When the preset control is of the preset type, the terminal acquires the control type of the control to determine whether the control is of the preset type according to the control type, namely, the terminal traverses, and skips if the identified control is not of the preset type, so as to identify the next control; and if the identified control is a control of a preset type, determining control information of the control.

In the technical scheme provided by the embodiment, the generating terminal of the control object library only generates the control objects of the preset controls, and does not need to generate the control objects of all the controls, and when the preset controls are available controls, the generating time of the control object library is saved; and when the preset control is a control of a preset type, the terminal generates a control object which accords with the intention of the tester.

The foregoing embodiment numbers of the present invention are merely for the purpose of description, and do not represent the advantages or disadvantages of the embodiments.

It should be noted that, in this document, the terms "comprises," "comprising," or any other variation thereof, are intended to cover a non-exclusive inclusion, such that a process, method, article, or apparatus that comprises a list of elements does not include only those elements but may include other elements not expressly listed or inherent to such process, method, article, or apparatus. Without further limitation, an element defined by the phrase "comprising one … …" does not exclude the presence of other like elements in a process, method, article, or apparatus that comprises the element.

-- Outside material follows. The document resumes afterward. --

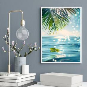 Quadro decorativo praia - folha 24x18cm - com vidro Cor: moldura branca Informações do produto tire todas as suas dúvidas no descritivo abaixo: decoração para quarto, sala, cozinha, escritório, área gourmet e muito mais. Chega de paredes vazias medidas - cada peça tem 24x18cm a5 . Material do papel - papel fotográfico brilhante de altíssima resolução acabamento - todos os quadros são acompanhados de vidro para proteção da imagem. - moldura em madeira maciça na cor preta ou branca conforme produto escolhido e pendurador . - os quadros são embalados de forma segura com plástico bolha com camada dupla de acordo com o tamanho dos quadros. Garantia - garantia de 3 meses. Meu quadro chegou. Como posso fixá-lo Você precisa apenas de um martelo e um prego, pois os quadros já vão acompanhados de penduradores. Esta é a forma mais indicada. Como posso limpar meu quadro A limpeza é feita como um móvel comum da sua casa. Apenas um pano seco ou espanador são suficientes para tal

From the above description of the embodiments, it will be clear to those skilled in the art that the above-described embodiment method may be implemented by means of software plus a necessary general hardware platform, but of course may also be implemented by means of hardware, but in many cases the former is a preferred embodiment. Based on such understanding, the technical solution of the present invention may be embodied essentially or in a part contributing to the prior art in the form of a software product stored in a storage medium (e.g. ROM/RAM, magnetic disk, optical disk) as described above, comprising instructions for causing a terminal device (which may be a mobile phone, a computer, a server, an air conditioner, or a network device, etc.) to perform the method according to the embodiments of the present invention.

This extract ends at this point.